Feuchtgebiete übernehmen essenzielle Funktionen für Umwelt und Mensch. Die geplante Bebauung stellt eine Gefährdung dar, insbesondere aus folgenden Gründen:
- Hochwasserschutz durch Retention
Feuchtgebiete speichern große Wassermengen und verhindern, dass es bei Starkregen zu Überschwemmungen kommt. Sie wirken wie natürliche Schwämme und reduzieren das Risiko von Hochwasserkatastrophen erheblich. Daher werden heute keine neuen Baugebiete mehr in solchen Arealen ausgewiesen.
- Schutz der Trinkwasserqualität
Ein natürlich erhaltenes Feuchtgebiet filtert Schadstoffe aus dem Wasser und trägt zur Reinhaltung des Grundwassers bei. Gerade in Zeiten zunehmender Trockenperioden und regionaler Trinkwasserknappheit ist dieser Aspekt von besonderer Bedeutung. Beispielsweise haben die Dürrejahre 2018 bis 2021 zu einem signifikanten Absinken der Grundwasserstände in Deutschland geführt. An knapp der Hälfte der ausgewerteten Messstellen fiel das Grundwasser auf den tiefsten Stand seit 1990. Regionen wie Bayern, der Schwarzwald und der Großraum Stuttgart sind besonders betroffen.

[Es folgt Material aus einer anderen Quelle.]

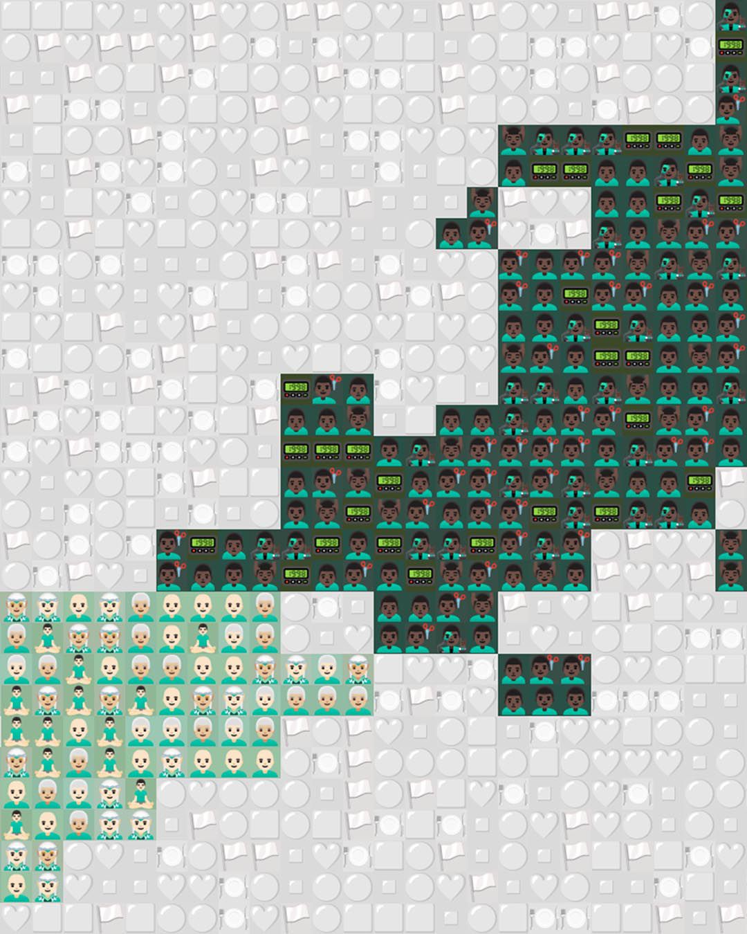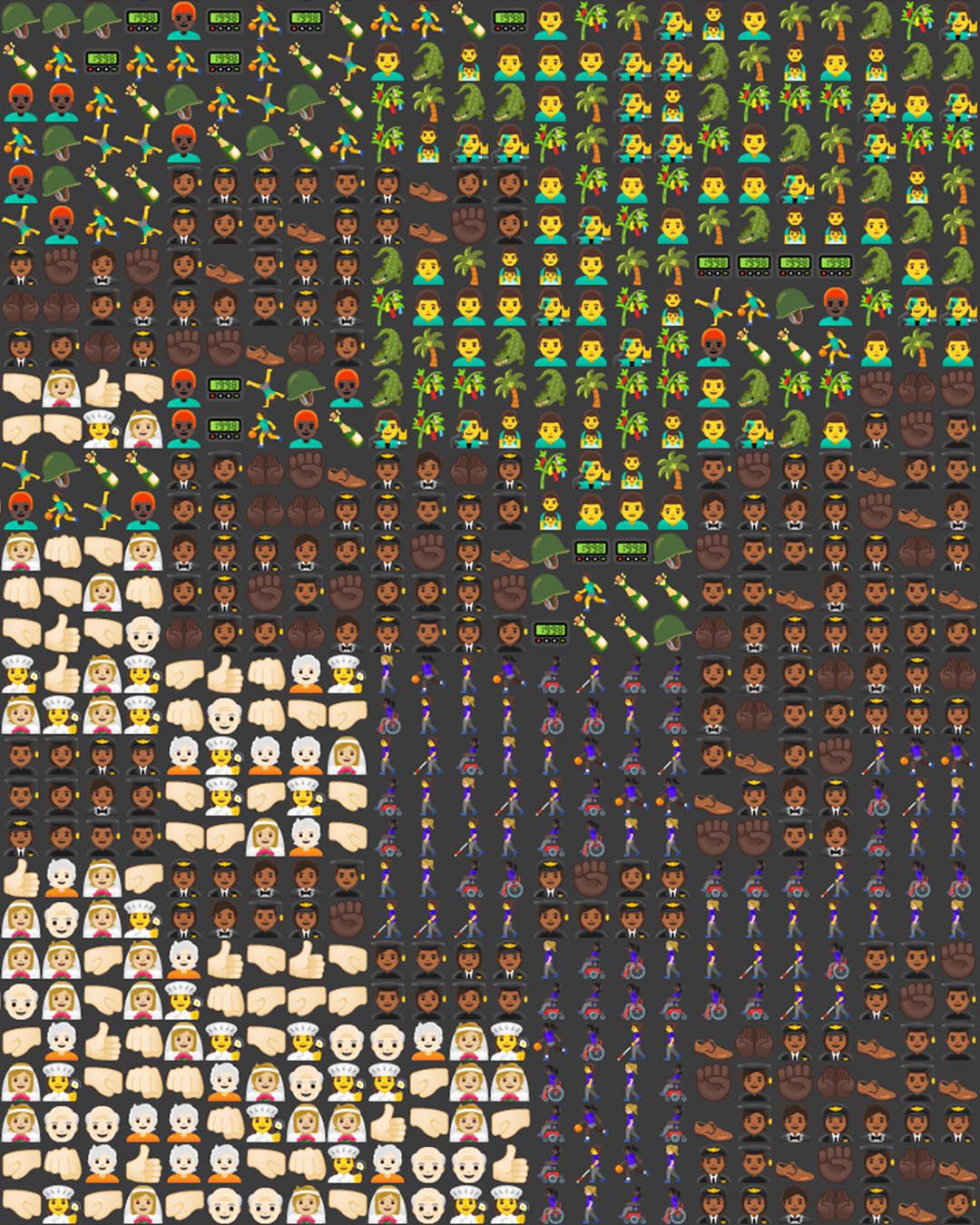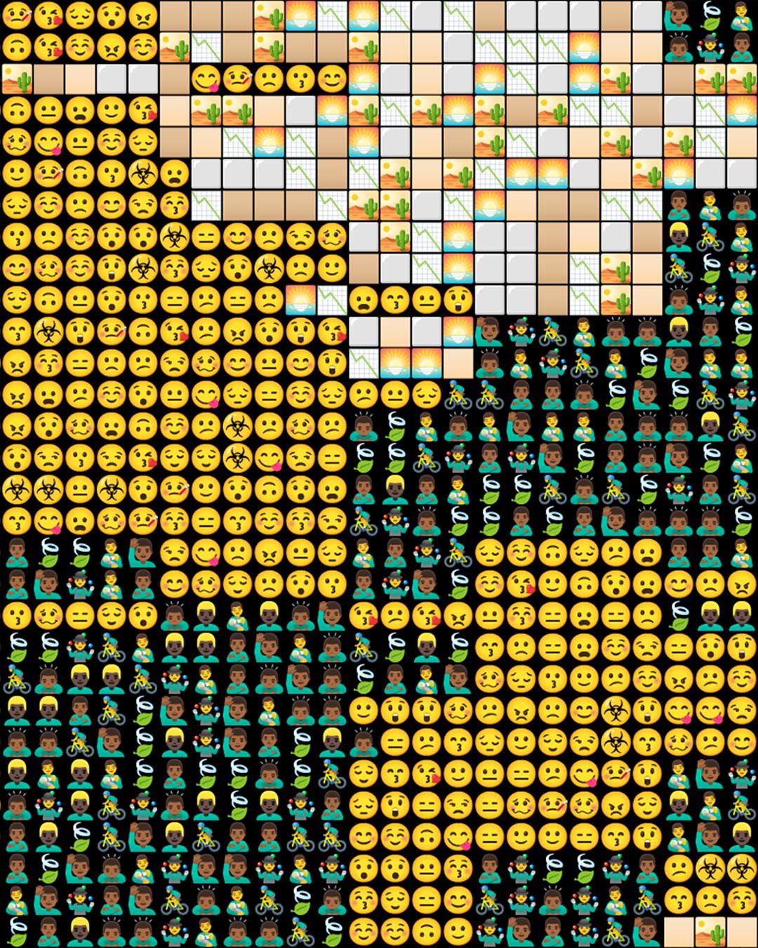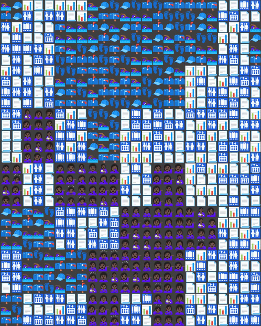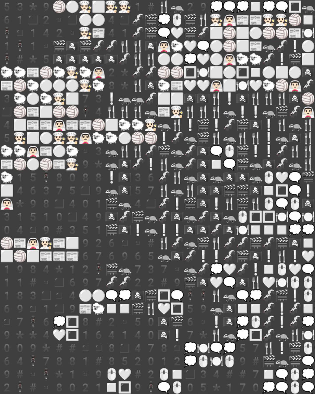 When the depicted patterns are printed on A1 sized posters, every emoji is about 4 mm wide and high, comparable to their actual sizes when used on a smartphone.

Quellen: ZDFmediathek, fr.de
- Klimaschutz & Temperaturregulierung
Feuchtgebiete tragen zur Senkung der Umgebungstemperaturen bei, indem sie durch Verdunstung eine natürliche Kühlung bewirken. Zusätzlich speichern sie große Mengen an CO₂ und tragen damit zur Reduktion des Treibhauseffekts bei. In vielen Regionen werden deshalb ehemals trockengelegte Gebiete mit erheblichem Aufwand wiedervernässt – eine Zerstörung intakter Feuchtgebiete wäre daher kontraproduktiv.
- Erhalt der Artenvielfalt
Das Feuchtgebiet in Affolterbach ist Lebensraum zahlreicher seltener Vogelarten. Ein aktuelles Gutachten eines renommierten Fachbüros bestätigt die hohe ökologische Wertigkeit dieses Gebiets. Viele dieser Arten stehen unter besonderem Schutz und sind auf ungestörte Brut- und Rastplätze angewiesen.
Naturschutz als langfristiger Gewinn für alle
Naturschutz und wirtschaftliche Interessen stehen nicht zwangsläufig im Widerspruch. Vielmehr profitieren Unternehmen langfristig von stabilen Ökosystemen, einer gesunden Umwelt und einer nachhaltigen Flächennutzung. Der Erhalt von Feuchtgebieten schützt nicht nur die Natur, sondern auch die Lebensqualität der Menschen vor Ort.
Die Naturschutzverbände appellieren daher an alle Beteiligten, eine umweltverträgliche Lösung zu finden und sich für den langfristigen Schutz des Feuchtgebiets einzusetzen.